**Your instructions:** Using the records that follow, reproduce exactly the lines starting at the line containing "大船渡市内の仮設住宅にて" and ending at the line containing "1. kép. A röszei". Include both end lines and no pictures.
==============================
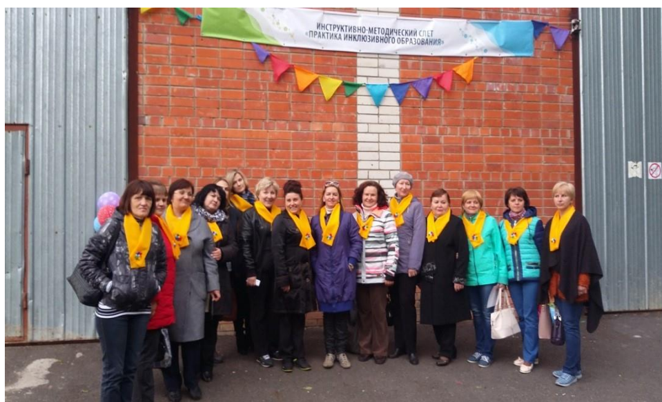
Инструктивно-методический слет «Практика инклюзивного образования»

В рамках научно-методического сопровождения инклюзивного образования преподаватели КИРО участвовали в проведении инструктивно-методического слета «Практика инклюзивного образования», проектной мастерской «Актуальные проблемы психолого-педагогического сопровождения детей с ОВЗ и инвалидностью в условиях введения и реализации ФГОС ОВЗ», межрегиональном интерактивном круглом столе «Психическая депривация детей, находящихся в трудной жизненной ситуации: инновационные образовательные технологии профилактики, реабилитации, сопровождения».
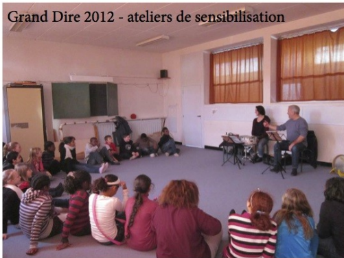
Grand Dire 2012 - ateliers de sensibilisation
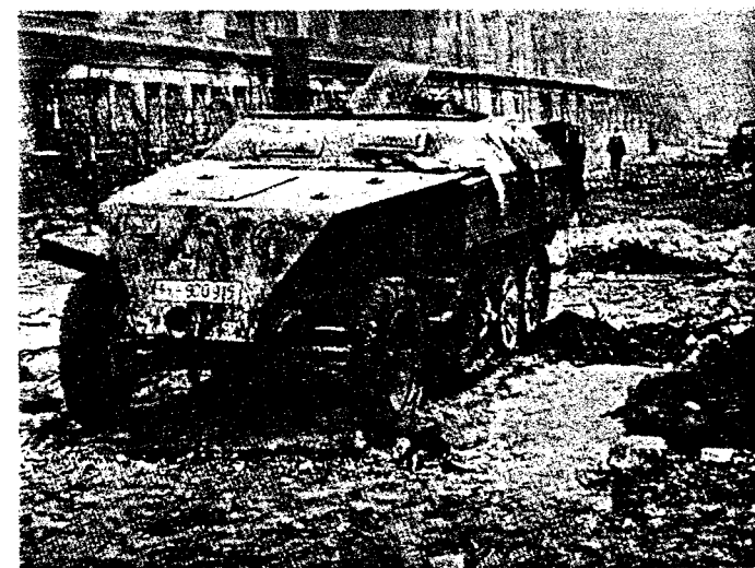
Rechts: Abgeschosener Schützenpanzerwagen der SS-Pz. AA 11 „Nordland“ – Berlin, Chausseestraße – 1945.

Die ausgebrannten Verbände der Division „Nordland“ werden in die Innenstadt Berlins im Raum Anhalter Bahnhof – Cottbuser Platz – Gendarmenmarkt zurückgedrängt. Der letzte Divisionsgefechtsstand befindet sich im U-Bahnhof „Stadtmitte“ (Friedrichstraße). Die Division bezieht endgültig den Verteidigungsabschnitt Unter den Linden – Spittelmarkt – Lindenstraße – Hallesches Tor – Landwehrkanal und verteidigt neben der Kampfgruppe „Mohnke“ (Ersatztruppenteil der LAH) das Regierungsviertel. Stubaf. Saalbachs AA 11 – nur noch Reste – und das Bataillon Fenet
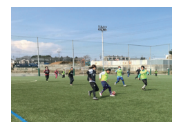
神奈川県サッカー協会 フットボールセンター(かもめパーク)

区内には、サッカー、フットサル、テニスなどのスポーツ施設も充実しています。仲間と一緒に汗をかくことで、いっそう爽快感が味わえます。
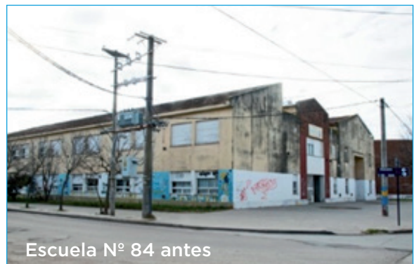
Escuela N° 84 antes
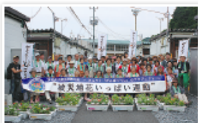
大船渡市内の仮設住宅にて

仮設住宅の入居者のみなさんと一緒に、大船渡市の障害者福祉施設で育てたニチニチソウやサルビアなどのポット苗をプランターに植え替える作業を楽しみながら取り組みました。
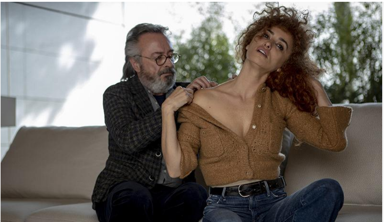
Кадр из фильма «Главная роль»

Общая касса топ-20 фильмов уикенда, по информации «Бюллетеня кинопрокатчика», составила 140 миллионов рублей. Это на 4,4 % больше по сравнению с предыдущими выходными и на 59 % меньше, чем за аналогичный уикенд прошлого года.
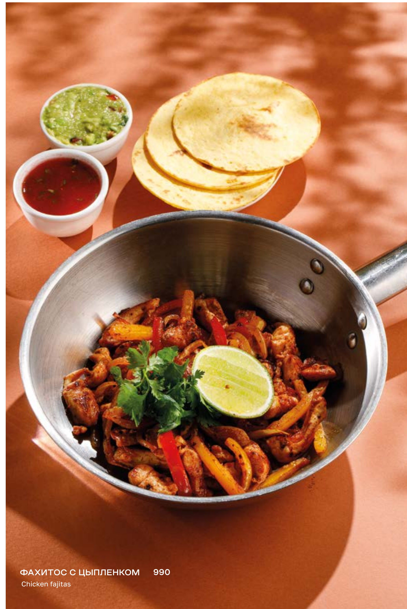
ФАХИТОС С ЦЫПЛЕНКОМ 990
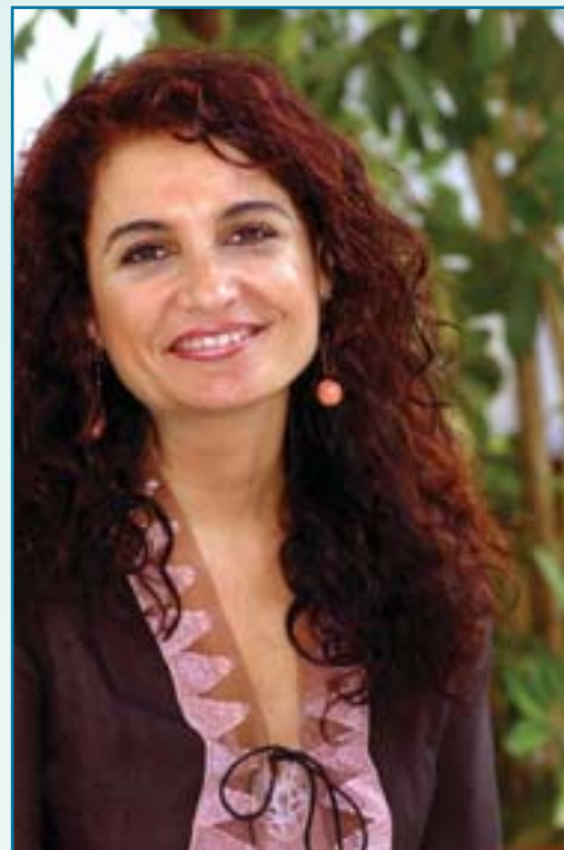
Consejera M a Jesús Montero.

Esto, sin duda, tiene mucho que ver con las objeciones que algunos profesionales ponen ante la posibilidad de firmar contratos temporales de corta duración en localidades muy alejadas de su residencia algo que, en la práctica, hace difícilmente viable asumir unas propuestas de los llamados “contratos-basura” que tienen, además, el añadido de unos hándicaps en forma de distancia y duración.
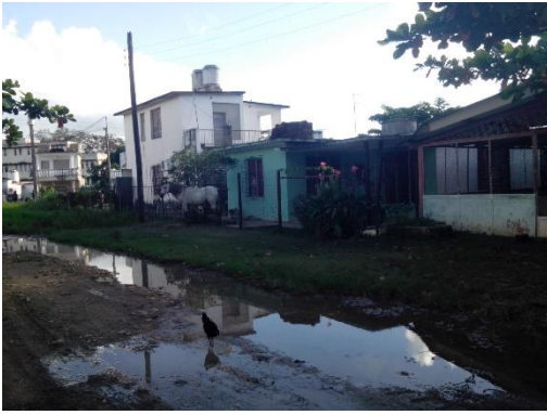
El consultorio y la casa del médico y la enfermera al final, de dos pisos.
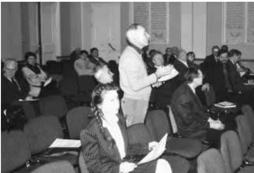
Im Konferenzraum des Wernadskij-Museums waren über 50 führende russische Wissenschaftler zusammengekommen, darunter viele Physiker, Biologen und Wirtschaftswissenschaftler.

So gab es zum Beispiel für den „Steinzeitmenschen“ den Begriff „Eisenerz“ nicht. Ähnlich gab es vor der Entdeckung der Kernspaltung den Begriff „Uranbrennstoff“ nicht; dennoch läßt sich in heutigen Kernreaktoren aus 1 kg Uran das Wärmeäquivalent von 50 000 kg Kohle gewinnen. Ähnlich verwandelt sich das in den Weltmeeren vorkommen-
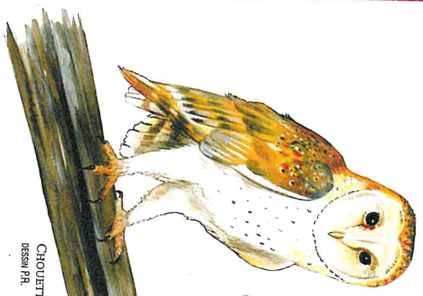
CHOUETTE EFFRAIE / DESSIN PA
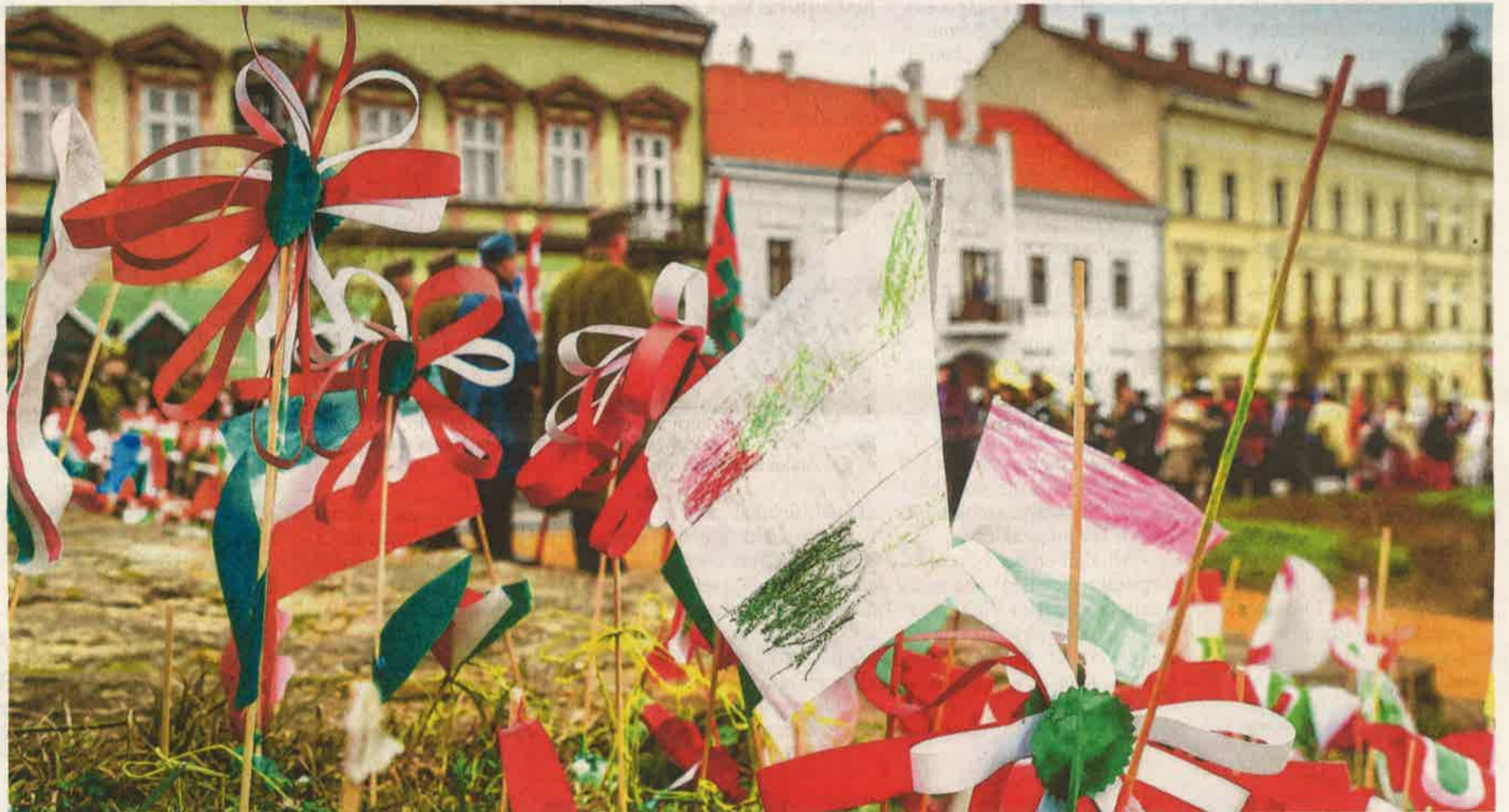
Városok és kistépelülések egyaránt készülnek a forradalom és szabadságharc évfordulójának köszöntésére. Felvételünk egy korábbi kanizsai rendezvényen készült.

Lentiben csütörtökön 15 órakor tartanak megemlékezést az 1848-49-es forradalom és szabadságharc évfordulóján az 1848-as emlékműnél. Ünnepi beszédet mond Vigh László , a térség országgyűlési képviselője, a műsorban az Arany János Általános Iskola és AMI tanulói szerepelnek.
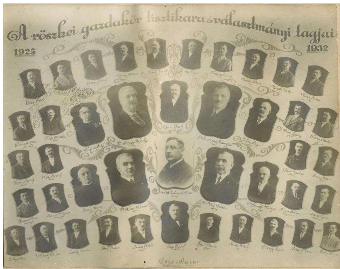
1. kép. A röszei gazdakör tisztikara és választmányi tagjai (1925–1932) A gazdakör dísztagja Gróf Klebelsberg Kuno volt.

A Szeged-Alsótanya Átokháza és Vidéke Gazdakör 1923-ban alakult. Az egyesületet a csorvai és felsőátokházi gazdák alapították. Rendezvényeiket a honvéderdei iskolában tartották. A kör tevékenységében jelentős szerepet vállaltak a tanítók. A kör vezető szerepet játszott a környék úthálózatának fejlesztése ügyében. 1935-ben csatlakoztak a környék gazdaköreinek a földbérleti szerződések revíziójára irányuló mozgalmához. 12
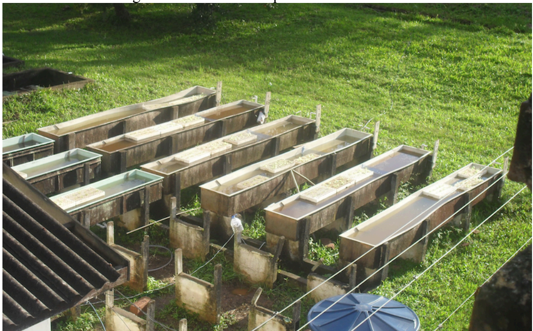
Figura 3 – Foto dos tanques utilizados no estudo.
==============================
**Reply:**
大船渡市内の仮設住宅にて

仮設住宅の入居者のみなさんと一緒に、大船渡市の障害者福祉施設で育てたニチニチソウやサルビアなどのポット苗をプランターに植え替える作業を楽しみながら取り組みました。
Кадр из фильма «Главная роль»

Общая касса топ-20 фильмов уикенда, по информации «Бюллетеня кинопрокатчика», составила 140 миллионов рублей. Это на 4,4 % больше по сравнению с предыдущими выходными и на 59 % меньше, чем за аналогичный уикенд прошлого года.
ФАХИТОС С ЦЫПЛЕНКОМ 990
Consejera M a Jesús Montero.

Esto, sin duda, tiene mucho que ver con las objeciones que algunos profesionales ponen ante la posibilidad de firmar contratos temporales de corta duración en localidades muy alejadas de su residencia algo que, en la práctica, hace difícilmente viable asumir unas propuestas de los llamados “contratos-basura” que tienen, además, el añadido de unos hándicaps en forma de distancia y duración.
El consultorio y la casa del médico y la enfermera al final, de dos pisos.
Im Konferenzraum des Wernadskij-Museums waren über 50 führende russische Wissenschaftler zusammengekommen, darunter viele Physiker, Biologen und Wirtschaftswissenschaftler.

So gab es zum Beispiel für den „Steinzeitmenschen“ den Begriff „Eisenerz“ nicht. Ähnlich gab es vor der Entdeckung der Kernspaltung den Begriff „Uranbrennstoff“ nicht; dennoch läßt sich in heutigen Kernreaktoren aus 1 kg Uran das Wärmeäquivalent von 50 000 kg Kohle gewinnen. Ähnlich verwandelt sich das in den Weltmeeren vorkommen-
CHOUETTE EFFRAIE / DESSIN PA
Városok és kistépelülések egyaránt készülnek a forradalom és szabadságharc évfordulójának köszöntésére. Felvételünk egy korábbi kanizsai rendezvényen készült.

Lentiben csütörtökön 15 órakor tartanak megemlékezést az 1848-49-es forradalom és szabadságharc évfordulóján az 1848-as emlékműnél. Ünnepi beszédet mond Vigh László , a térség országgyűlési képviselője, a műsorban az Arany János Általános Iskola és AMI tanulói szerepelnek.
1. kép. A röszei gazdakör tisztikara és választmányi tagjai (1925–1932) A gazdakör dísztagja Gróf Klebelsberg Kuno volt.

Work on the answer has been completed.